Title: Asian American and Pacific Island Modernist Art
Description:
Artists of Asian descent made substantial contributions to the artistic culture of the United States, incorporating practices that were different from the European-based traditions—like painting with water-soluble pigments rather than oil paint, choosing Asian subjects, and signing their works in the Asian fashion.
Coming across the Pacific Ocean, some immigrants settled in Hawaii where Isami Doi, born of Japanese parents, became an influential artist.
Doi typifies characteristics that are found in many Asian American artists in that he excelled at several media: printmaking, painting, and jewelry design.
And he traveled extensively, spending time in Paris and over a decade in New York.
The West Coast of the United States became a center for people coming across the Pacific, and major cities like Seattle, San Francisco, and Los Angeles developed Asian communities with active artistic cultures.
Chinese immigrants were drawn to the San Francisco area because of the economic boom around the gold rush and the building of the railroads, but they also inspired prejudice, and harsh immigration laws were enacted in 1888.
This halted immigration from China and bolstered it from Japan, until another law in 1924 restricted that as well.
Yun Gee, of Chinese descent, in San Francisco made aggressively modern, brightly colored, and geometrically abstracted portraits before moving to Paris and then New York where his style became more expressionistic.

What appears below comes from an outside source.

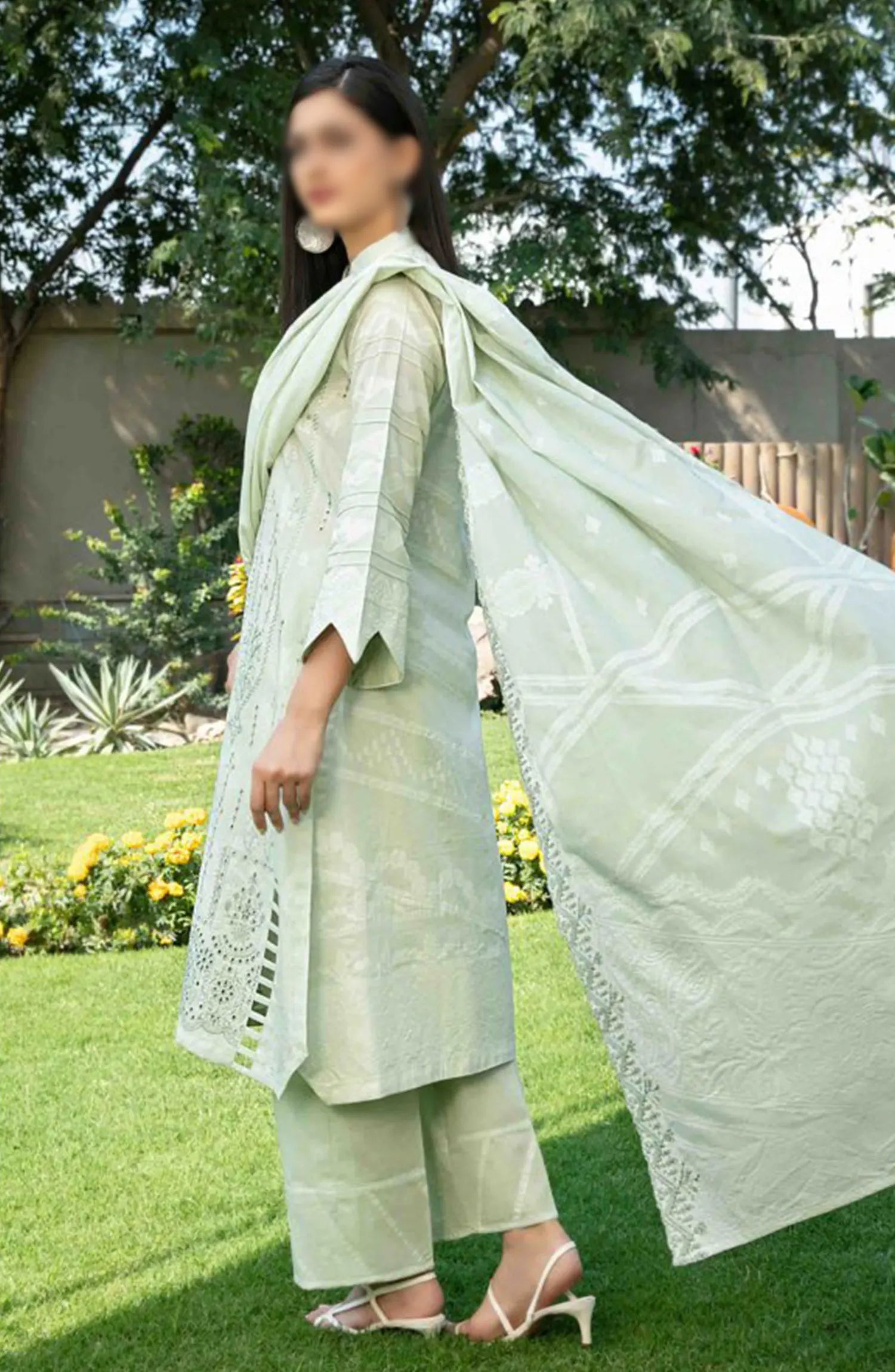 Gulshanara - Embroidered Lawn Banarsi Collection has been styled in the image for photography and illustrative purposes.

The Asian communities in Seattle and Los Angeles included artists who worked in photography as well as painting, and some moved further east across the United States to pursue their careers in the Midwest or, more commonly, New York, the artistic center of the country.
In the 1920s and 1930s, Yasuo Kuniyoshi became well known in the New York art world for his sensitively handled, sometimes humorous, sometimes erotic paintings and prints.
Nevertheless, he and his peers who were born in Asia were forbidden by law from becoming citizens, something he desired, as his entire artistic career was in the United States.
The sculptor Isamu Noguchi came to prominence after being nurtured by some of the Japanese American artists in Kuniyoshi’s circle, particularly Itaro Ishigaki.
Noguchi is best known for the organically shaped carved stone sculptures he made after World War II, but he was also famous as a designer of modernist furniture and lamps using Japanese materials.
Both he and Kuniyoshi suffered after the Japanese bombing of Pearl Harbor in 1941, while on the West Coast Japanese Americans were herded into detention camps, often losing their jobs and their homes in the process.
Chiura Obata, for example, was removed from his prestigious teaching position at the University of California at Berkeley and put in a camp where he taught art.
There he switched from making luminous landscapes of Yosemite to painting camp scenes of confinement and regimentation—once he was allowed to paint at all.
The postwar years were a period of recovery, and new generations of Asian American artists emerged, exploring abstract styles and creating new incarnations of the multicultural art that was pioneered in the works of their Asian American predecessors.